Worryingly, this has overloaded TSB’s fraud hotline and we’ve heard from distraught victims who have seen life-changing amounts of cash emptied from their accounts being forced to wait hours on hold for help, including one Which? member who has seen £10,000 disappear from her account.
Which? explains what to watch out for and how to keep safe.
TSB scams to watch out for
Opportunistic fraudsters are using the system issue TSB customers suffered earlier this month to target people with a wave of smishing texts and phishing email scams.
We’ve seen a deluge of examples of them on Twitter with many non-TSB customers raising the alarm.
But inevitably these scams are hitting the mark and causing confusion for real TSB customers.
— Marta (@tismarta) May 10, 2018
What is a ‘spoof’ text message?
A ‘spoof’ text message involves a fraudster disguising a message with the name of a bank or other genuine business.
The scams are particularly effective at fooling victims because of the way smartphones group messages which claim to come from the same source.
So if you already have genuine texts from TSB on your phone and a fraudster sends a message as ‘TSB’ your phone will automatically include it under the real ones, making it harder to tell it’s a scam.
Find out more about how this ploy works in our exclusive investigation how text message scammers pose as your bank to rip you off.
TSB scams in action
One convincing example we’ve seen is a spoof text that genuinely appears to be from TSB and is being added to existing TSB message threads on a victim’s phones.
It says: ‘Hello, TSB here. Use password 751540. Didn’t request this? Please call us on 03459758758’. The text is almost identical to the messages that TSB genuinely sends about logging into your account, making the scam extremely convincing.
The number is ‘spoofing’ TSB’s sender ID which allows it to be grouped with other TSB messages. It’s also spoofing a genuine TSB phone number but those that click the link end up ringing a scammer.
On the call, the scammer is likely to ask for your internet banking user ID, full name, and date of birth – which is all the information they need to reset your password.
This will generate a genuine text, with a genuine One Time Password or OTP code which the scammer will convince you to share with them – giving them free reign to empty your account.
Has there been a data breach?
The information needed to initiate this sort of scam has led some to ask if TSB has experienced a data breach.
— Mark Andres (@CloudHQ) May 10, 2018
During the IT debacle, as well as thousands of customers being locked out of their online accounts, some were able to see the details of other customers’ balances and payments when they logged on.
However, TSB insists there has been no data breach and customer details are safe.
A TSB fraud spokesperson said: ‘While our systems are safe and secure, unfortunately, fraudsters are increasingly sophisticated and looking to take advantage of situations like these by approaching customers.
‘Protecting our customers’ information is our number one priority.

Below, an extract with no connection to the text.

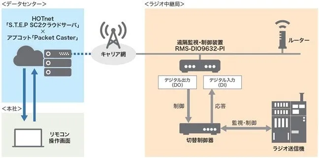 新システムは、北海道総合通信網株式会社が提供するクラウドプラットフォーム「S.T.E.P SC2クラウドサーバ」で動作しており、アプコットの遠隔監視・制御ソフト「Packet Caster」と連携して効率的に管理されています。

We are doing all we can to ensure customers don’t become a victim of fraud, whether they bank with us in branch, online or via the telephone and this is something we are working on with Action Fraud and a number of external organisations.
‘We are also working with these organisations to help them identify fraudulent sites so we can take them down as quickly as possible.’
‘£10,000 was emptied from my account’
TSB’s fraud services seem to be buckling under the pressure as fraud victims have been left on hold when trying to report what’s happened to them.
Which? member Pat Durham, from Nottinghamshire, thought something was suspicious when she got locked out of her TSB online banking two weeks ago. She went into a branch the same day and found that someone had accessed her account and managed to empty nearly £10,000 in various transactions.
The retired teacher, 64, told Which? Money she had not received any suspicious emails or texts claiming to be from TSB so has no idea how the fraudsters were able to access her account.
But she found it nearly impossible to get through to the TSB fraud team once she had discovered the life-changing sum of money had been stolen and on one day was left waiting three hours on the fraud hotline in her local branch.
When she got through she was not given any idea about if the cash would be repaid or when she could get back into her account.
Mrs Durham has since been refunded an arbitrary £8,000 – £2,000 short of what she lost, out of the blue and with no communication from TSB, leaving her confused and worried.
We asked TSB about what it’s doing to help fraud victims facing hours to speak to an adviser. A spokesperson said: ‘We apologise for the long wait times that customers may be experiencing. We’ve put in additional resources to help customers with their enquiries and we are working hard to improve call wait times.’
Your rights to a refund
Banks do not have to refund fraud victims if they can prove a customer shared sensitive information like user IDs, PINs or passwords.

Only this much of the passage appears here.